*PROMPT*. Pictures in the data should be dropped; transcribe exactly the lines from the one that has "لوسیون بدن ویکتوریا سکرت تروپیکال" through the one that has "Banner with two".

(Beginning of GIVEN DATA)

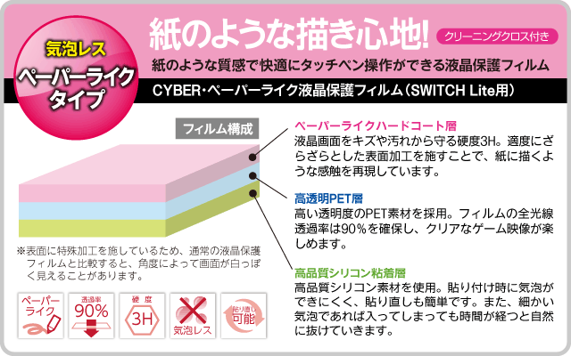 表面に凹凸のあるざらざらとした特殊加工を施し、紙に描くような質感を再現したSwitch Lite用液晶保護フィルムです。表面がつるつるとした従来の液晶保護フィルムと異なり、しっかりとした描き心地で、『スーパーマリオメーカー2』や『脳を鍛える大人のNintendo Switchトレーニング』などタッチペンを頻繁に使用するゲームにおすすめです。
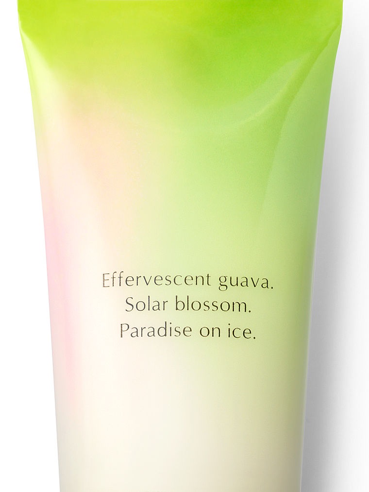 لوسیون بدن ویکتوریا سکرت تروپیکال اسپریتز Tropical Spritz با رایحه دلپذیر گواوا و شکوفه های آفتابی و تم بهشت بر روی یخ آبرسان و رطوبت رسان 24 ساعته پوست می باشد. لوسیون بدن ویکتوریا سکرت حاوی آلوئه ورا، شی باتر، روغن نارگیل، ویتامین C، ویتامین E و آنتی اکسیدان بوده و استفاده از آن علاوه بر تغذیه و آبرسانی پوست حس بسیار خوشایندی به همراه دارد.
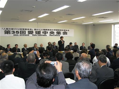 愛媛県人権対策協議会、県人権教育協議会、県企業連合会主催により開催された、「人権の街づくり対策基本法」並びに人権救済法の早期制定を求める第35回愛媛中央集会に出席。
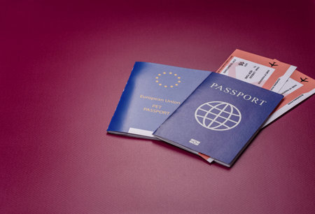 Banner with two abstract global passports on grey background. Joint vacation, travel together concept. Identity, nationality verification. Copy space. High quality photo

(End of GIVEN DATA)
(Beginning of GIVEN DATA)

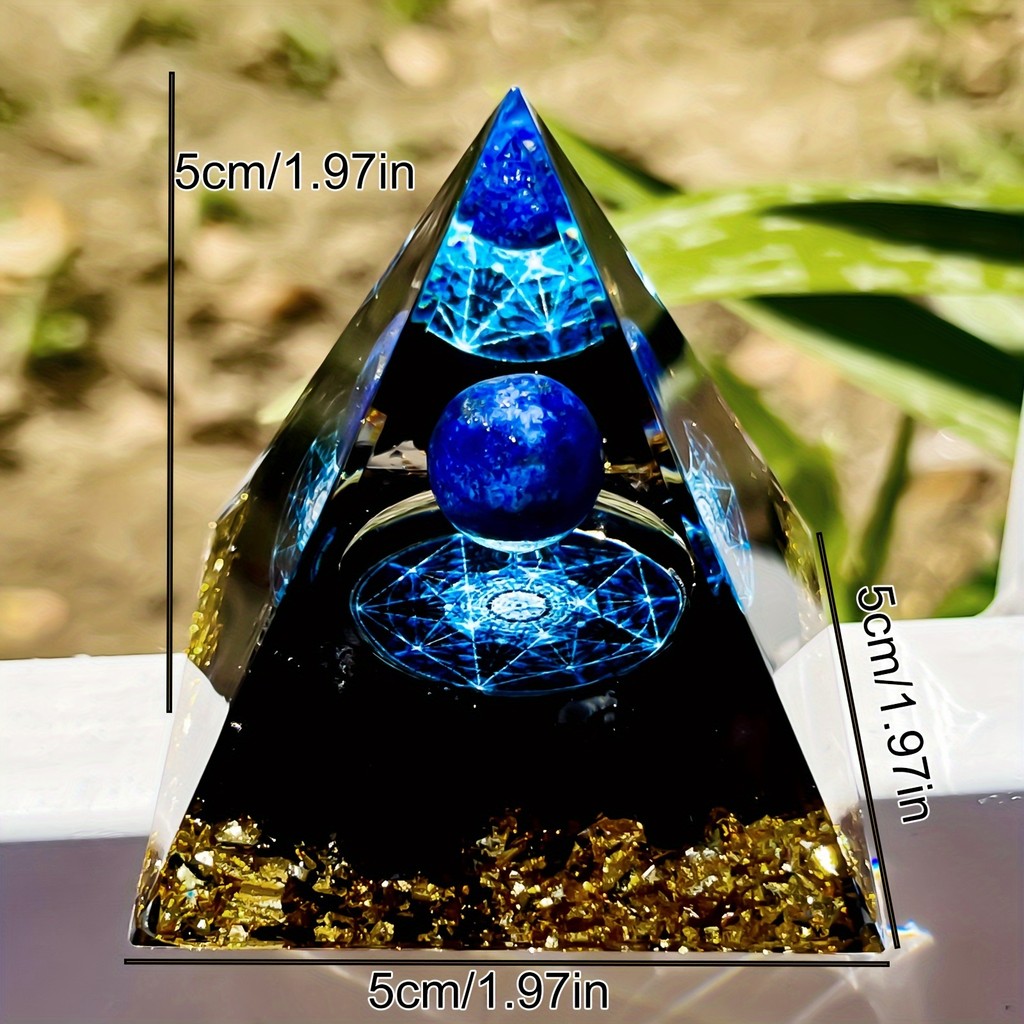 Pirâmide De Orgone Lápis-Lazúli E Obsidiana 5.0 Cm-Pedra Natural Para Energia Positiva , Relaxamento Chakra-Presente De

(End of GIVEN DATA)
(Beginning of GIVEN DATA)

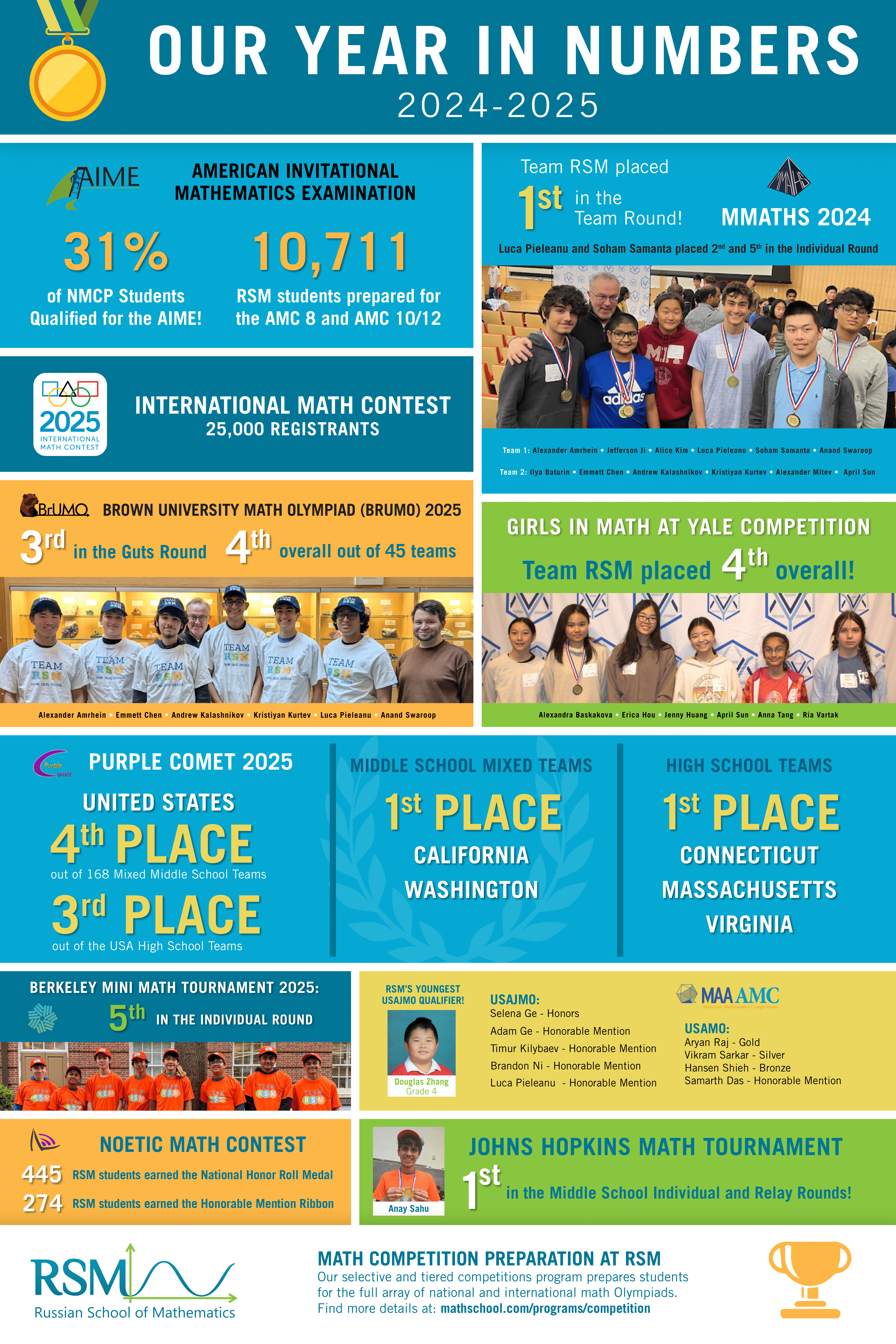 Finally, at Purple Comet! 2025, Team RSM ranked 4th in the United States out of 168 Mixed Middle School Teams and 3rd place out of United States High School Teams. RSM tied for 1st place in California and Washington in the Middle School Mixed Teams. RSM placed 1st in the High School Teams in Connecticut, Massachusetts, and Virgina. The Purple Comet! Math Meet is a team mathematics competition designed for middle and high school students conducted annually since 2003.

(End of GIVEN DATA)

*COMPLETED EXERCISE*.
 لوسیون بدن ویکتوریا سکرت تروپیکال اسپریتز Tropical Spritz با رایحه دلپذیر گواوا و شکوفه های آفتابی و تم بهشت بر روی یخ آبرسان و رطوبت رسان 24 ساعته پوست می باشد. لوسیون بدن ویکتوریا سکرت حاوی آلوئه ورا، شی باتر، روغن نارگیل، ویتامین C، ویتامین E و آنتی اکسیدان بوده و استفاده از آن علاوه بر تغذیه و آبرسانی پوست حس بسیار خوشایندی به همراه دارد.
 愛媛県人権対策協議会、県人権教育協議会、県企業連合会主催により開催された、「人権の街づくり対策基本法」並びに人権救済法の早期制定を求める第35回愛媛中央集会に出席。
 Banner with two abstract global passports on grey background. Joint vacation, travel together concept. Identity, nationality verification. Copy space. High quality photo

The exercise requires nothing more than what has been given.